Task item:
Read through the entries below and return each line with the word "Dumebo".

Data for this exercise:

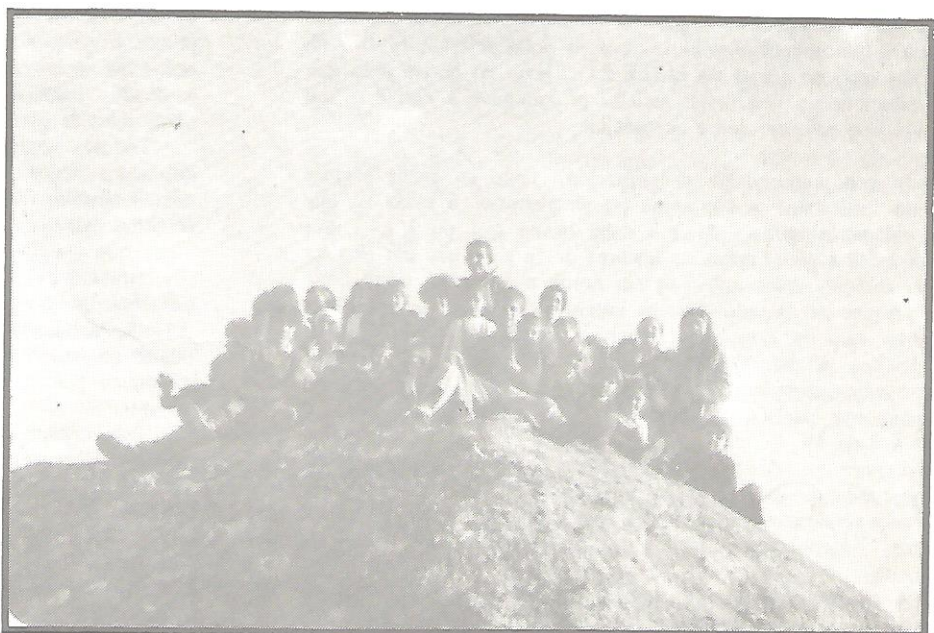
O MEC está moi lonxe destes nenos

PEDIMOS QUE SE ESCOMENCE POR DESARTELLAR UNS MODELOS DE ESCOLARIZACION TAN IRRACIONAIS, COMA OS QUE SE ESTAN LEVANDO A CABO, E SE PLANIFIQUE DENTRO DUN SISTEMA CONFORME COA DIVERSIDADE DA PROBLEMATICA GALEGA.
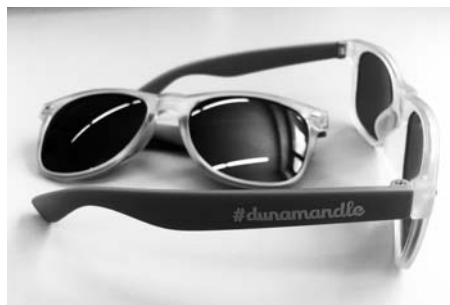
Výtěžek z prodeje poputuje na dobročinnost.

Na návrh Dopravní komise města bude upraven dopravní režim ve spodní části Dukelského náměstí naproti gymnázia. Nově budou místa opatřena dopravním značením umožňujícím vozidlům pouze krátkodobé parkování po dobu max. 15 minut (je např. i v horní části náměstí), a to v pracovní dny v době od 7:00 do 17:00. „Město dlouhodobě řeší parko-
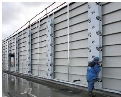
Het echte werk gebeurt op het project, gewaarborgd door de kwaliteitsrichtlijn en het keurmerk. Vanaf 2010 starten in vijf regio's specifieke monteursopleidingen volgens Dumebo-DWS-kwalificatieprofiel.

De kwaliteitsrichtlijn verschaft de markt sinds 2003 helderheid, terwijl het voor Dumebo-DWS-leden als verzameling voorschriften geldt. Het
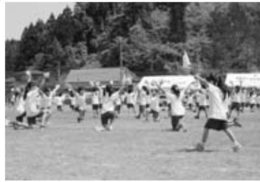
▲脇一小伝統の「脇一の花」を披露する全校児童

5月13日の船川第一小、潟西中を皮切りに、5月28日までに市内全小・中学校で運動会が行われました。
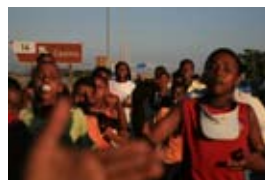
5D1396 56x37 cm 4 500,- Kč také/also 70x47 cm

Solution to this problem:
Het echte werk gebeurt op het project, gewaarborgd door de kwaliteitsrichtlijn en het keurmerk. Vanaf 2010 starten in vijf regio's specifieke monteursopleidingen volgens Dumebo-DWS-kwalificatieprofiel.
De kwaliteitsrichtlijn verschaft de markt sinds 2003 helderheid, terwijl het voor Dumebo-DWS-leden als verzameling voorschriften geldt. Het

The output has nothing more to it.